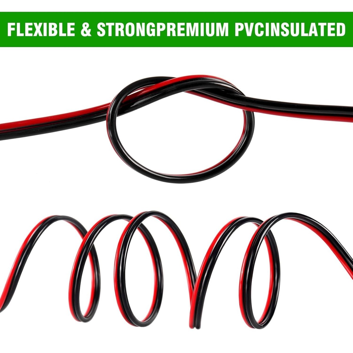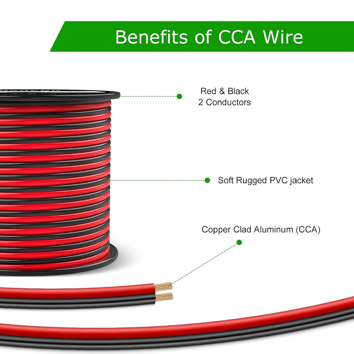 18/2 gauge black and red speaker wire is ideal for low voltage applications such as 12V/24V DC LED monochromatic light strips, electronic appliances and equipment, transformers, led lights, led splitter connections,residential wiring,car circuit,Ship,outdoor spot lights etc.Benefits of CCA Wire : CCA 12 volt wire combines the high conductivity of copper with the lightweight properties of aluminum to provide a lighter, more flexible option. It is more cost-effective than copper wire, saving money while providing the same functionality and reliability as copper wire.
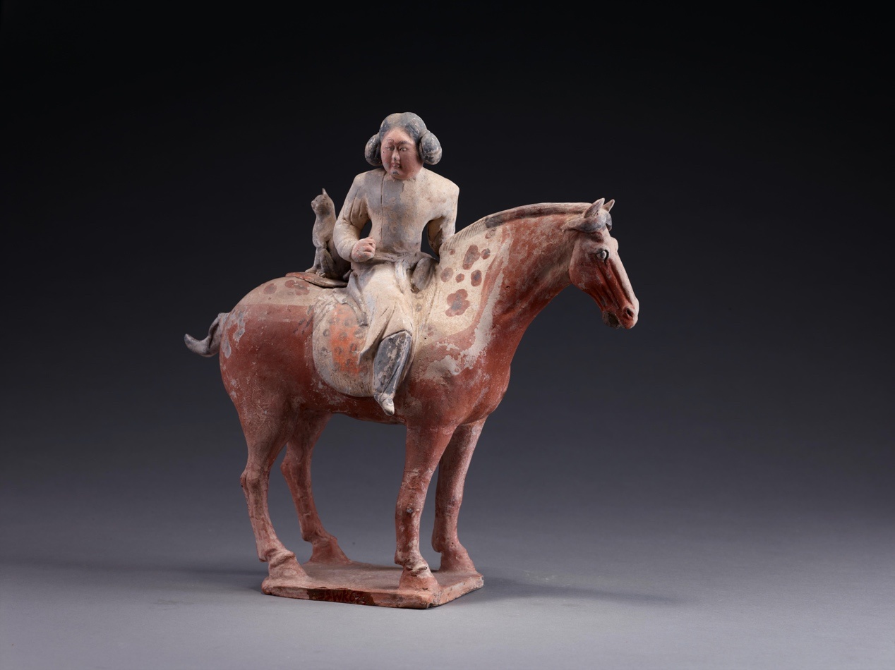 這是一位帶著“喵星人”一起打獵的颯爽英姿的小姐姐。她來自唐代,頭上梳著可愛的雙尾髻,粉面朱唇,細(xì)眉黑目,身穿白色圓領(lǐng)窄袖缺袴袍,足蹬黑色長靴、胯下棗紅馬;她的身體微向右轉(zhuǎn),右手緊握成拳,左手前伸仿佛在控制韁繩,神情自若。最吸引人的是,她身后蹲伏著一只小巧可愛的動物——猞猁,猞猁是一種小型貓科猛獸,在唐代通常經(jīng)過馴養(yǎng),可以成為打獵的“最佳拍檔”。這“一人一馬一猞猁”栩栩如生,靈動跳脫??v馬飛馳而來的她,是怎樣的契機(jī)才得以呈現(xiàn)在世人面前?又折射出唐代怎樣的社會風(fēng)貌呢?
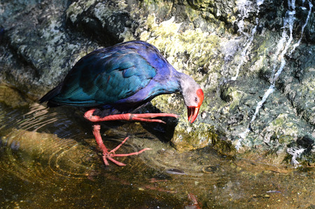 An adult Dusky Moorhen scavenging for food in a shallow pond.
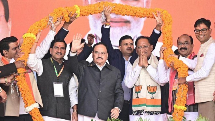 रायपुर। मुख्यमंत्री विष्णुदेव साय के नेतृत्व में छत्तीसगढ़ सरकार के सफल दो वर्ष पूर्ण होने के उपलक्ष्य में जांजगीर-चांपा जिले के खोखराभाठा पुलिस लाइन मैदान में आयोजित जनादेश परब में केंद्रीय स्वास्थ्य एवं परिवार कल्याण मंत्री जगत प्रकाश नड्डा ने मंच से प्रदेश की उपलब्धियों, जनकल्याण और भविष्य की दिशा पर स्पष्ट संदेश दिया। वंदे मातरम और राज्यगीत के साथ आरंभ हुए कार्यक्रम में जनविश्वास, गौरव और निर्माण के संकल्प को दोहराया गया।

PROBLEM STATEMENT: In the listing above, retype exactly, and only, the lines from the one containing "An adult Dusky" through the last line, both included. Omit the pictures.

ANSWER AREA:
 An adult Dusky Moorhen scavenging for food in a shallow pond.
 रायपुर। मुख्यमंत्री विष्णुदेव साय के नेतृत्व में छत्तीसगढ़ सरकार के सफल दो वर्ष पूर्ण होने के उपलक्ष्य में जांजगीर-चांपा जिले के खोखराभाठा पुलिस लाइन मैदान में आयोजित जनादेश परब में केंद्रीय स्वास्थ्य एवं परिवार कल्याण मंत्री जगत प्रकाश नड्डा ने मंच से प्रदेश की उपलब्धियों, जनकल्याण और भविष्य की दिशा पर स्पष्ट संदेश दिया। वंदे मातरम और राज्यगीत के साथ आरंभ हुए कार्यक्रम में जनविश्वास, गौरव और निर्माण के संकल्प को दोहराया गया।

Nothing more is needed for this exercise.